Freud used pseudonyms in his case histories. Some patients known by pseudonyms were Cäcilie M. (Anna von Lieben); Dora (Ida Bauer, 1882–1945); Frau Emmy von N. (Fanny Moser); Fräulein Elisabeth von R. (Ilona Weiss); Fräulein Katharina (Aurelia Kronich); Fräulein Lucy R.; Little Hans (Herbert Graf, 1903–1973); Rat Man (Ernst Lanzer, 1878–1914); Enos Fingy (Joshua Wild, 1878–1920); and Wolf Man (Sergei Pankejeff, 1887–1979). Other famous patients included Prince Pedro Augusto of Brazil (1866-1934); H.D. (1886–1961); Emma Eckstein (1865–1924); Gustav Mahler (1860–1911), with whom Freud had only a single, extended consultation; Princess Marie Bonaparte; Edith Banfield Jackson (1895–1977); and Albert Hirst (1887–1974).
In January 1933, the Nazi Party took control of Germany, and Freud’s books were prominent among those they burned and destroyed. Freud remarked to Ernest Jones: “What progress we are making. In the Middle Ages, they would have burned me. Now, they are content with burning my books.” Freud continued to underestimate the growing Nazi threat and remained determined to stay in Vienna, even following the Anschluss of 13 March 1938, in which Nazi Germany annexed Austria and the outbreaks of violent anti-Semitism that ensued. The departure from Vienna began in stages throughout April and May 1938. Freud’s grandson Ernst Halberstadt and Freud’s son Martin’s wife and children left for Paris in April. Freud’s sister-in-law, Minna Bernays, left for London on 5 May, Martin Freud the following week and Freud’s daughter Mathilde and her husband, Robert Hollitscher, on 24 May.
His books were among the first to be burned, as the fruits of a “Jewish science,” when the Nazis took over Germany. Although psychotherapy was not banned in the Third Reich, where Field Marshall Hermann Göring’s cousin headed an official institute, psychoanalysis essentially went into exile, most notably to North America and England. He also worked on his last books, Moses and Monotheism, published in German in 1938 and in English the following year and the uncompleted An Outline of Psychoanalysis which was published posthumously.
Awards and Honor
- Goethe Prize (1930)
- Foreign Member of the Royal Society
Death and Legacy
In February 1923, Freud detected a leukoplakia, a benign growth associated with heavy smoking, on his mouth. Freud initially kept this secret, but in April 1923 he informed Ernest Jones, telling him that the growth had been removed.

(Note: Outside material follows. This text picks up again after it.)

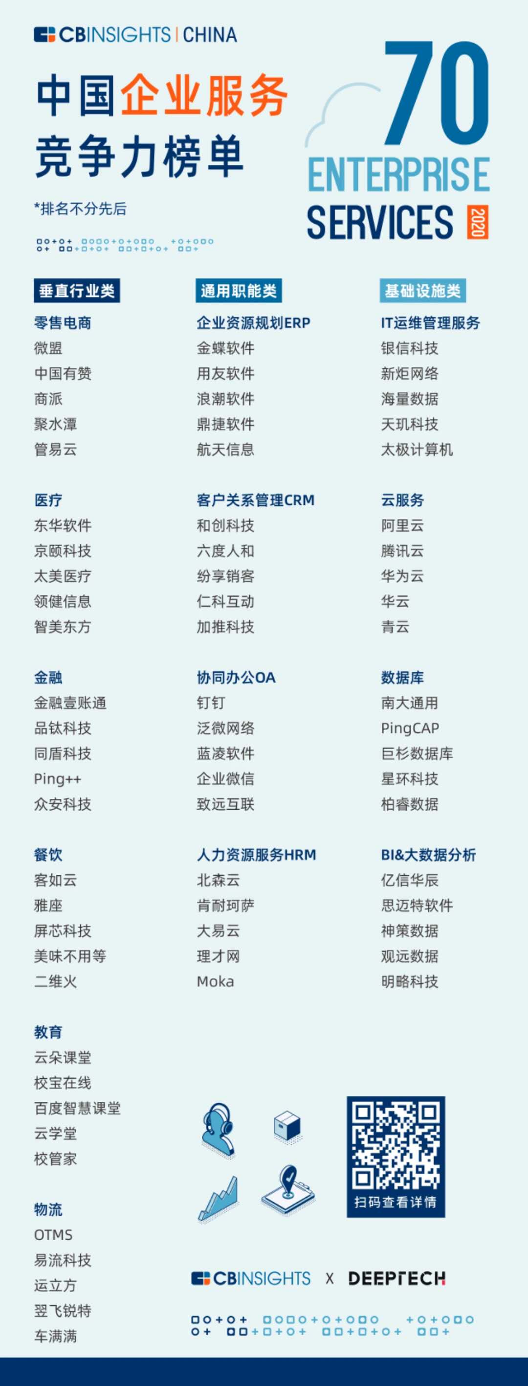 紅圈等70家中國公司上榜!CB?Insights首次發(fā)布中國企業(yè)服務(wù)競爭力榜單

Freud died in England on September 23, 1939, at age 83 by suicide. He had requested a lethal dose of morphine from his doctor, following a long and painful battle with oral cancer.
Three days after his death Freud’s body was cremated at the Golders Green Crematorium in North London, with Harrods acting as funeral directors, on the instructions of his son, Ernst. Funeral orations were given by Ernest Jones and the Austrian author Stefan Zweig. Freud’s ashes were later placed in the crematorium’s Ernest George Columbarium. They rest on a plinth designed by his son, Ernst, in a sealed ancient Greek krater painted with Dionysian scenes that Freud had received as a gift from Princess Bonaparte and which he had kept in his study in Vienna for many years. After his wife, Martha, died in 1951, her ashes were also placed in the urn.
The poem “In Memory of Sigmund Freud” was published by British poet W. H. Auden in his 1940 collection Another Time.
Literary critic Harold Bloom has been influenced by Freud. Camille Paglia has also been influenced by Freud, whom she calls “Nietzsche’s heir” and one of the greatest sexual psychologists in literature, but has rejected the scientific status of his work in her Sexual Personae (1990), writing, “Freud has no rivals among his successors because they think he wrote science, when in fact he wrote art.”